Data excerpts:
┌──

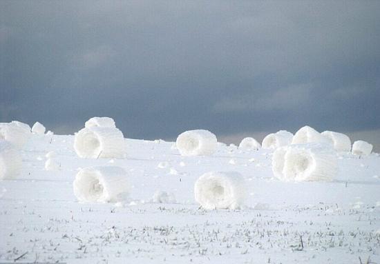自然界罕見的“雪卷”奇景
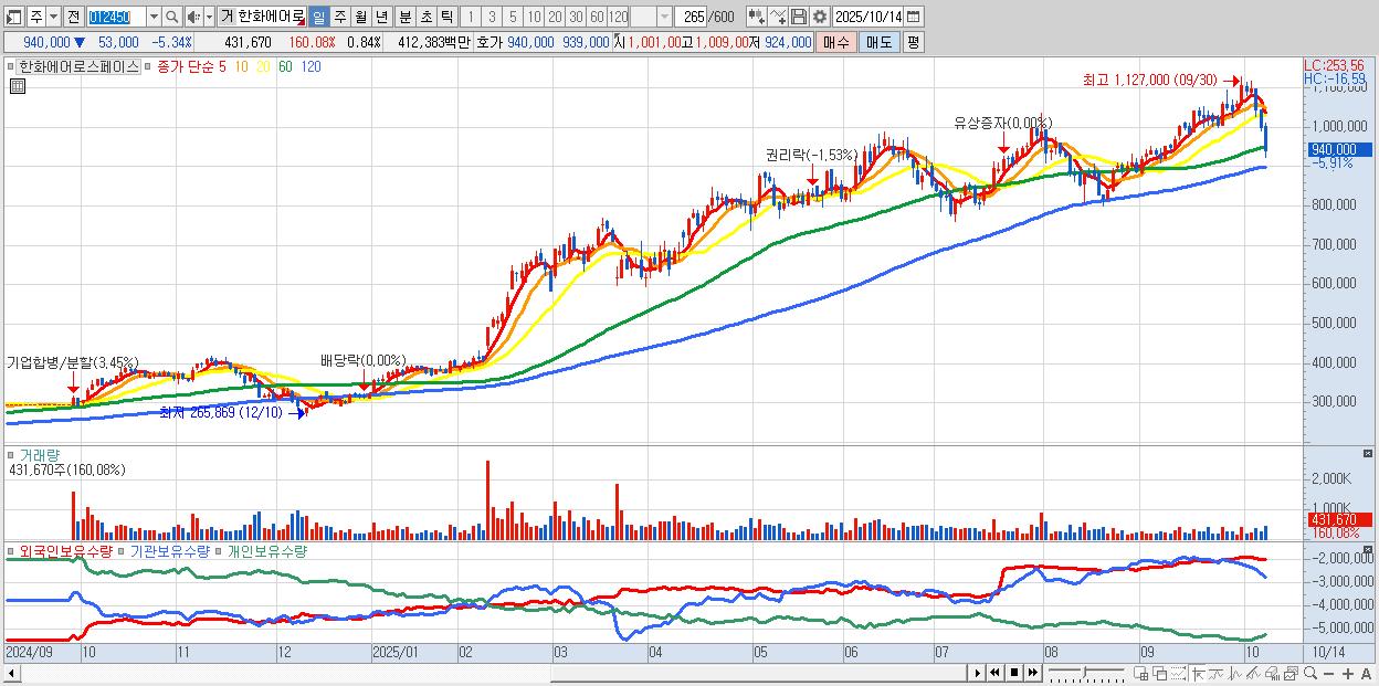 - 한화에어로스페이스 (933,000원 ▼ -6.04% , 시총: 481,087억, 거래량: 318,501, 거래대금:3,036억)
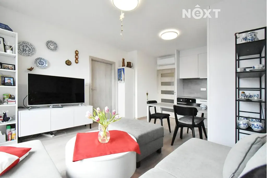 V obývací části bytu je sedací souprava se dvěma taburety, konferenčním stolkem, policemi a televizí, součástí kuchyňského koutu je jídelní stůl s židlemi kuchyňská linka s nádobím a veškeré instalované elektrospotřebiče značky Whirpool: lednice s mrazákem, pečící trouba, mikrovlnná trouba, indukční varná deska, myčka, a digestoř. V ložnici najdete velké dvoulůžko „boxspring“, komodu, noční stolky a velkou šatní skříň s policemi a pořadačem.
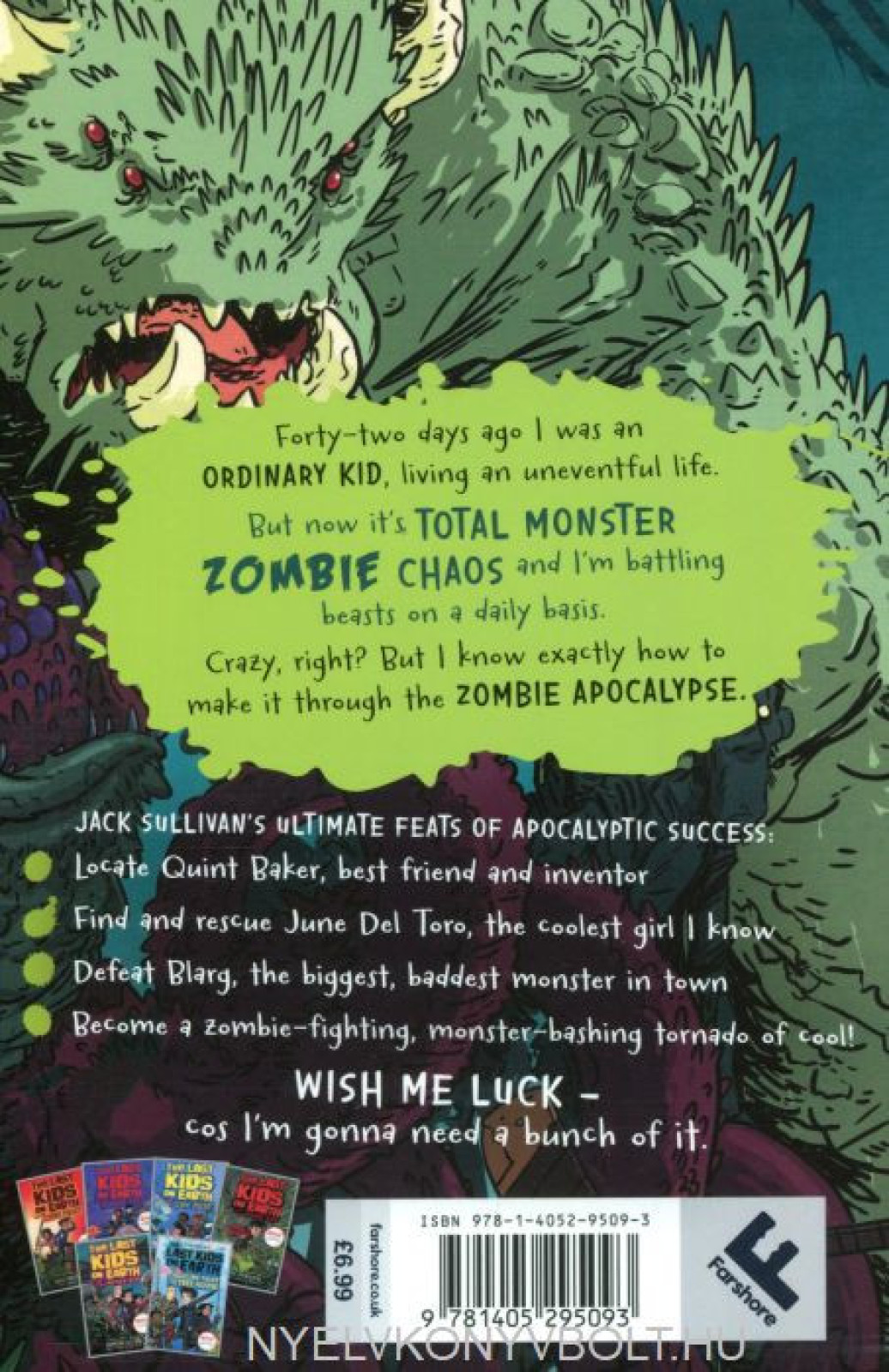 Meet Jack Sullivan, self-described as a late-blooming, slow-developing 13-year-old who has so far survived the zombie apocalypse by hiding out in his treehouse. Overnight Jack’s life has become like the plot of a video game and he has come up with his own ULTIMATE FEATS OF APOCALYPTIC SUCCESS:· Locate Quint Baker, best friend and inventor· Find and rescue June Del Toro, his secret love interest· Defeat Blarg, the biggest, baddest monster in town· Become a zombie-fighting, monster-bashing tornado of cool!The Simpsons meets The Walking Dead in the first book of a hilarious new monster adventure series. Fans of Wimpy Kid, Tom Gates, Barry Loser and Dogman will love accompanying Jack on his mission to become the post-apocalyptic action hero.With hilarious, action-filled illustrations from Douglas Holgate bringing the story to life on every page, The Last Kids on Earth will captivate even the most reluctant readers. Perfect for zombie-hunters of 8 years and upwards.
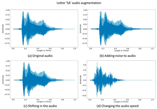 Data augmentation is a technique for increasing the number of records in the dataset by slightly modifying the copies of original data for producing synthetic data using statistical methods and algorithms. Many data augmentation techniques exist in the literature [37], so we applied a few techniques one-by-one. Each time an augmentation technique was applied, it resulted in the gradual increase of the audio instances in the dataset; we also kept evaluating the validation accuracy of the base model, which was also improving. We used the augmentation techniques of noise injection, time-shifting, and changing the audio speed using time stretch, as shown in Figure 2. Other audio data augmentation techniques, such as pitch shift, were not ideal for our dataset because it required randomly changing the pitch, thus, distorting the pronunciation. The techniques are described as follows.
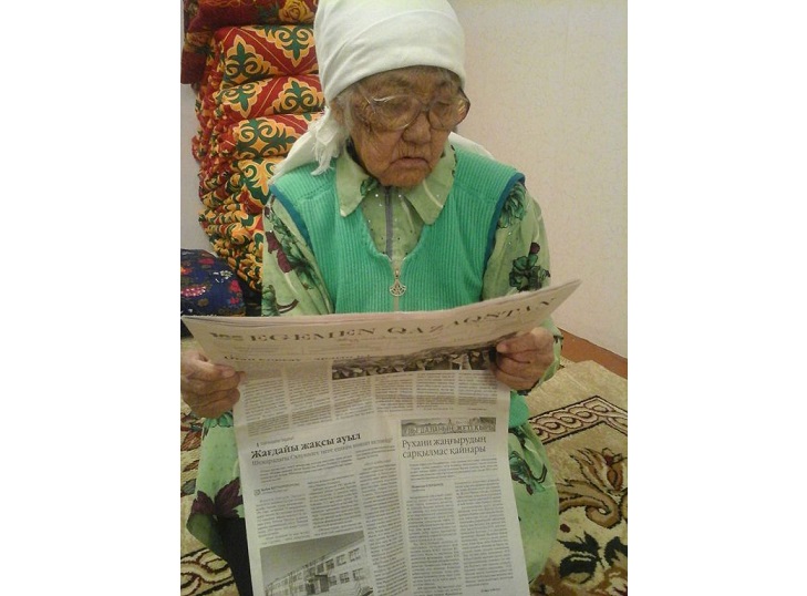 Úlken ómirge, jer-jıhan jańalyqtaryna elimizdiń bas gazeti arqyly jalǵanǵan Qamıda áje áli kúnge deıin bizdiń gazetimizdi qadaǵalap otyrady eken. Kózáınegin kıip alyp, gazette jarııalanǵan maqalalardy, tipti eksperıment retinde basylyp júrgen latyn árpindegi jazbalardy da oqyp turady.
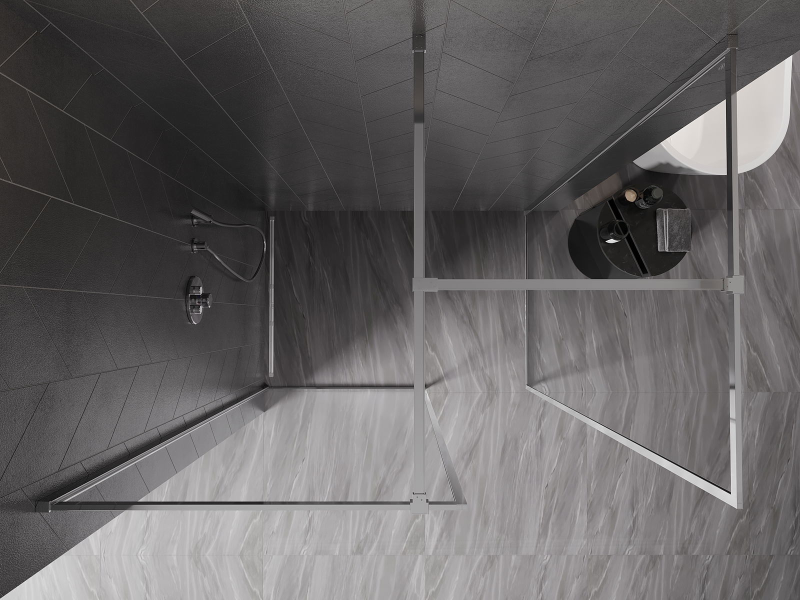 Il prodotto, a seconda delle esigenze, può essere installato sia sul piatto doccia che direttamente sul pavimento. Il metodo di installazione universale consente di adattare il prodotto a diversi tipi di bagni e configurazioni di spazio.
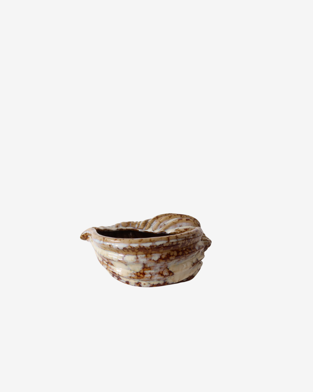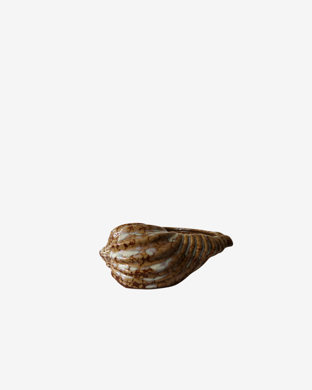 This vintage shell vase is a charming piece that effortlessly adds character to any space. Whether used to hold fresh flowers or simply displayed on a shelf, its unique design and soft, coastal-inspired shape make it a standout. The delicate curves and timeless appeal of this vintage find bring a touch of elegance to your home, while its history adds warmth and personality. Perfect for a gift to someone special.
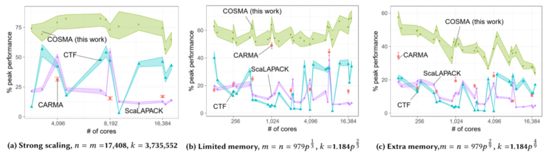 It is difficult to find a more abundant computation kernel than matrix multiplication. Studied for decades, with plethora of works both on theoretical analysis and efficient implementations, it may be surprising that this topic is not closed yet. However, researchers from Swiss National Computing Center and ETH Zurich found out that the existing BLAS libraries are often not efficient, especially in cases of non-square matrices, which naturally arise in a vast number of scientifically significant scenarios, e.g. in machine learning or quantum simulations. Furthermore, most of the existing implementations require careful fine-tuning of library-specific parameters in order to achieve decent performance, thus making it hard for scientists to take the best out of them, often resulting in a performance which is far from the optimal. The team presented a novel approach to speed-up the multiplication for matrices of any shape, which provably minimizes the necessary communication between the computing nodes. Their algorithm, called COSMA, outperforms the existing libraries up to an order of magnitude in some cases due to minimized communication and highly optimized implementation.

└──

What you have to do => A verbatim copy of the records is expected, from their first line through the line with "- 한화에어로스페이스 (933,000원", inclusive, with the pictures removed.

Finished exercise =>
自然界罕見的“雪卷”奇景
 - 한화에어로스페이스 (933,000원 ▼ -6.04% , 시총: 481,087억, 거래량: 318,501, 거래대금:3,036억)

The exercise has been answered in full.